I lived in Binghamton for close to two years in medical school. Probably the worst place I’ve ever lived. Thank god I was busy with my studies, otherwise I’d probably have become suicidal from the sheer boredom.
Charleston WV, used to be so vibrant and bustling was supposed to become NYC in the mountains is now a dead zone with a struggling infrastructure and an economy that can't keep itself afloat add on the homeless problem which makes all of downtown look like a giant skid row.
Eh, I was just in Charleston last week visiting family after having moved away years back and honestly it's trying. Yeah the city is dying and people are moving away, but it's seriously due to the lack of jobs and absolutely abysmal WV government. The city itself is beautiful and has a lot of great little places. Taylor Books is still to this day one of my favorite places on the planet to just read and relax.
OMG. You are exactly right. Those two places are the worst I have ever seen on my travels. Dodge stank (literally) and Bakersfield is just so depressing.
Fun fact: Dodge city is the windiest city in America with average wind speed of 15 mph. November being the least windy month, Dodge still experiences wind speeds of ~45 mph and in April, the windiest month, experiences wind speeds up to ~65 mph.
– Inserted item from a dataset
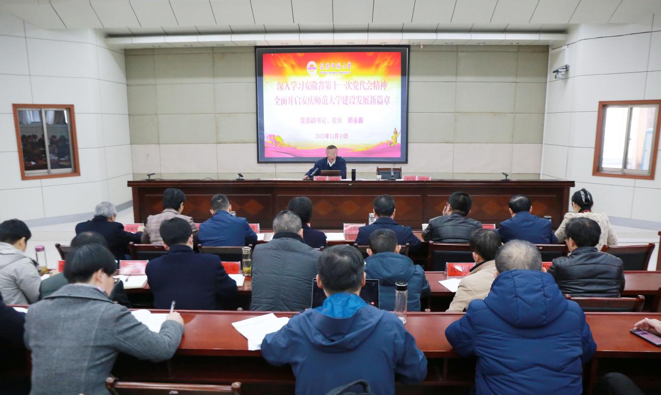 省第十一次党代会代表、党委副书记、校长闵永新作题为《深入学习安徽省第十一次党代会精神 全面开启beat365英国官网网站建设发展新篇章》宣讲报告。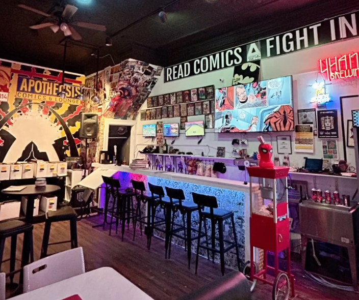 - Framed comic art and posters ranging from Golden Age classics to modern indie works

I was shocked by how bad San Francisco was when I went there. Human shit and needles everywhere. Homeless people passed out with shit covered sweat pants next to $100k g-wagons. Austin was another that was just so sad. So many homeless and so much trash. Denver was beautiful and mostly clean but as soon as it got dark tent cities popped up. It was like a werewolf transforming. Detroit still has to be my pick. It was like an empty husk of something great. Modern day ruins.
I've been in countries that were actively at war with each other, the worst parts of Manila, and some really sketchy places all over the world. Never been more afraid for my life than in East St Louis, Baltimore and New Orleans East (and I love New Orleans still).
I hated growing up by Orlando. For one, brick roads fucking suck, but also there's just too many damn tourists all the time. Entire city's one giant tourist trap.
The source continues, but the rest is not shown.